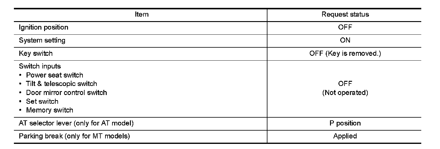 Satisfy all of the following items. The Intelligent Key interlock function is not performed if these items are not satisfied.
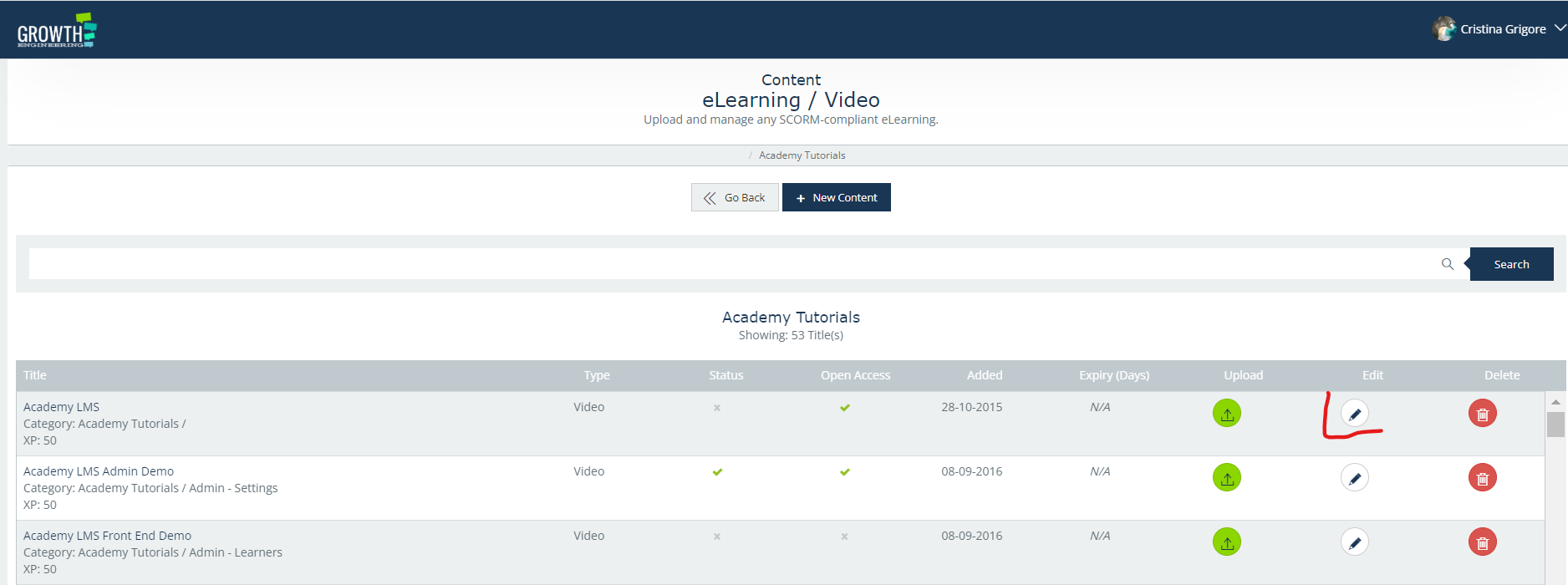 On the LMS, the administrator has on-hand options to expire or offline content.
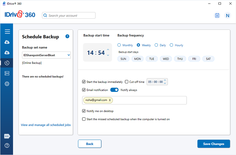 All backup files of your on-premise MS SharePoint server are stored in the folder named ‘IDSharePointServerBkset’.
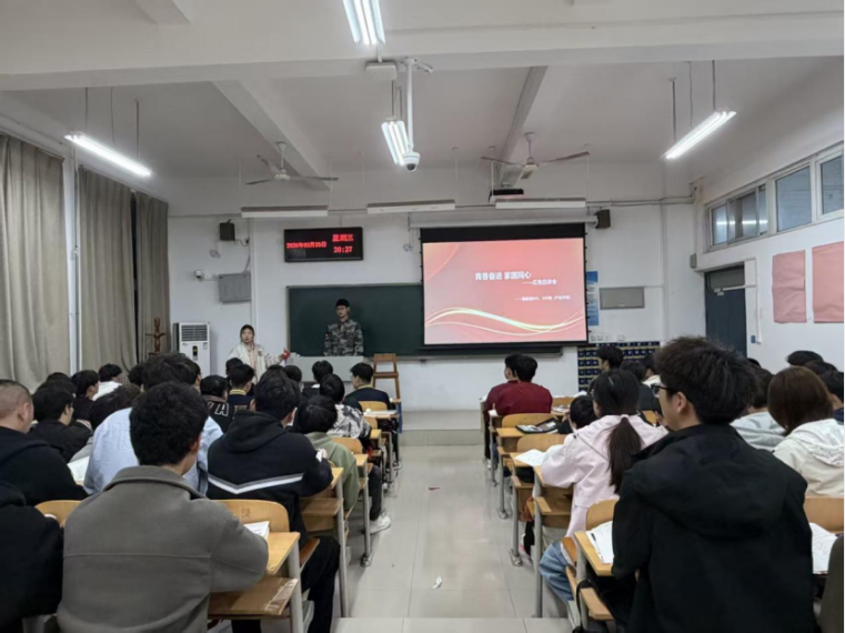 “青春奋进·家国同心”红色宣讲会上,学院邀请退役老员工士兵走进社区活动室,结合军旅经历讲述军营故事、国防知识与家国情怀,用真实经历感染在场每一位同学。辅导员围绕青春与担当、国防与使命展开引导交流,同学们在聆听中感悟精神力量,在互动中强化爱国意识,进一步坚定了报效祖国、服务社会的理想信念。
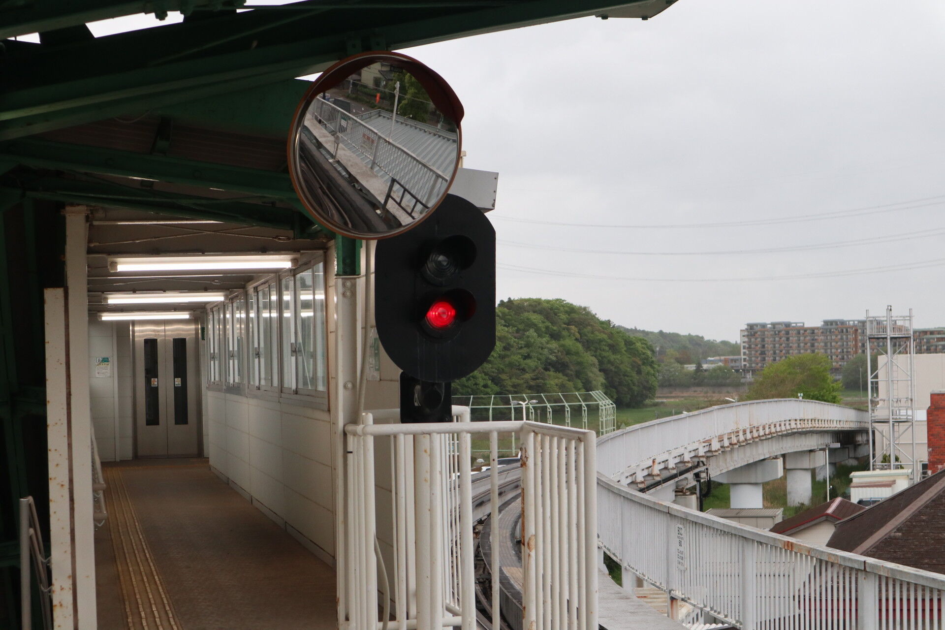 ホーム延長部のエレベーター通路を眺めます。
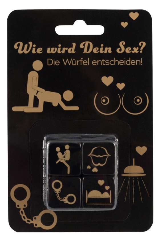Let the dice decide how you have sex! Don't you know how or where you should do IT?Let these dice decide - one roll of the dice is enough! A set of 4 black dice (25 x 25 x 25 mm) with gold-coloured pictures on them. The pictures are of a "position", a "place", an "accessory" and a "body part". Material: acrylic.
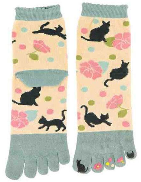Ankelstrumpor med fem tår och kattmmotiv. Strumporna har ett mönster av svarta katter mot bakgrunden, och varje tå har en egen söt liten bild. Passar storlek 38-39.
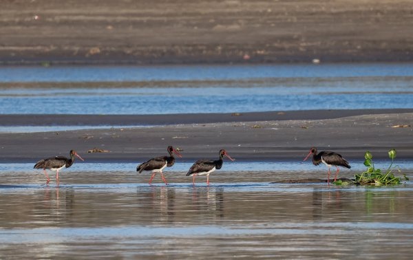 在天兴洲江滩觅食的黑鹳。韩昶光 摄
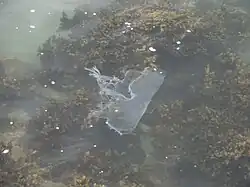 Pacific leatherbacks migrate about 6,000 mi (9,700 km) across the Pacific from their nesting sites in Indonesia to eat California jellyfish. During these long traveling periods, Remora remora (common remoras) will latch onto leatherbacks and display phoresis behavior or 'hitchhiking'; this represents commensalism, where one species is benefiting while the other species is not gaining or losing anything.[72] One cause for their endangered state is plastic bags floating in the ocean. Pacific leatherback sea turtles mistake these plastic bags for jellyfish; an estimated one-third of adults have ingested plastic.[73] Plastic enters the oceans along the west coast of urban areas, where leatherbacks forage, with Californians using upward of 19 billion plastic bags every year. Plastic bags were banned in California in 2016.[74]
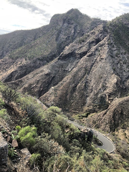 Op ruim 900 meter zien we San Bartolomé onder ons liggen. Dat betekent dat we eerst tientallen zuurverdiende hoogtemeters verliezen voordat we rond 12 uur op het terras van een bakker gaan zitten lunchen. We schatten dat de klim nog drieënhalf uur zal duren, dus als we om 12:30 uur weer op de fiets stappen moeten we rond 16 uur op de top kunnen zijn. In de afdaling naar San Bartolomé waren we de weg naar de oostkust al gepasseerd, dus eigenlijk was de keuze al gemaakt: we're gonna nail this thing! En zo gebeurt het ook en al snel laten we dit leuke stadje achter ons.
++++++++
Both the line containing "Ankelstrumpor med fem" and the line containing "Pacific leatherbacks migrate" above belong in the output, as do the lines between them. Print them exactly, without pictures.

Ankelstrumpor med fem tår och kattmmotiv. Strumporna har ett mönster av svarta katter mot bakgrunden, och varje tå har en egen söt liten bild. Passar storlek 38-39.
 在天兴洲江滩觅食的黑鹳。韩昶光 摄
 Pacific leatherbacks migrate about 6,000 mi (9,700 km) across the Pacific from their nesting sites in Indonesia to eat California jellyfish. During these long traveling periods, Remora remora (common remoras) will latch onto leatherbacks and display phoresis behavior or 'hitchhiking'; this represents commensalism, where one species is benefiting while the other species is not gaining or losing anything.[72] One cause for their endangered state is plastic bags floating in the ocean. Pacific leatherback sea turtles mistake these plastic bags for jellyfish; an estimated one-third of adults have ingested plastic.[73] Plastic enters the oceans along the west coast of urban areas, where leatherbacks forage, with Californians using upward of 19 billion plastic bags every year. Plastic bags were banned in California in 2016.[74]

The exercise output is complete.